Tag Archives: charles duhigg

John Kotter on organizational design

A review of John Kotter’s new book Accelerate: Building Strategic Agility for a Faster-Moving World in HBS Working Knowledge offers both a summary of the book’s key principles and an excerpt from the book itself. The concept builds on Kotter’s earlier work that focused on adding speed and agility to large businesses, and advocates for creating an organization that has “two operating systems” – one for everyday business and a smaller, agile system that “sits alongside to focus on the opportunities and demands of the future.”

Under a dual operating system, all processes and activities that involve what a company already knows how to do stay on the regular, hierarchical side of the company. High-stakes initiatives that involve change, speed, innovation or agility, go to the new agile network.

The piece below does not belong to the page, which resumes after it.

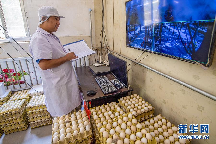 6月26日,在河北省衡水市武邑县清凉店镇鲍贤兰村“跑步鸡”养殖基地内,工作人员在监测鸡舍日常情况。

Reviewer Kim Girard continues, emphasizing that Kotter is not looking to abandon the traditional hierarchical model, but enhance it:

A dual operating system is a nod to what Kotter believes is some of the most interesting management thinking of the past few decades, from Michael Porter’s “wakeup call telling us that organizations need to pay attention to strategy much more explicitly and frequently,” to Clayton Christensen’s insights about how poorly companies handle the technological discontinuities inherent in a faster moving world. Kotter also credits recent work by Nobel Laureate Daniel Kahneman, who describes the brain as two coordinated systems, one more emotional, the other more rational.

 

In a typical organization—from the federal government to a pharmaceutical giant—a hierarchical operational structure meets daily demands through clear reporting relationships and responsibilities, Kotter writes. This structure minimizes risk, keeping people in boxes and silos, sorting work into departments, product divisions, and regions. Trouble is, managers in hierarchical organizations don’t promote or reward risk and innovation—they rely on routine, and turn to the same trusted people to run key initiatives.

Girard goes on to discuss Kotter’s 5 key principles for the dual operating systems, which ensure that the system works as envisioned (an “enhanced heirarcy” that focuses on leadership and innovation) and 8 accelerators that help managment tackle big opportunities for change. The accelerators are strikingly familiar, as many seem to have been adapted from Charles Duhigg’s The Power of Habit. Overall, an interesting approach to organizational design.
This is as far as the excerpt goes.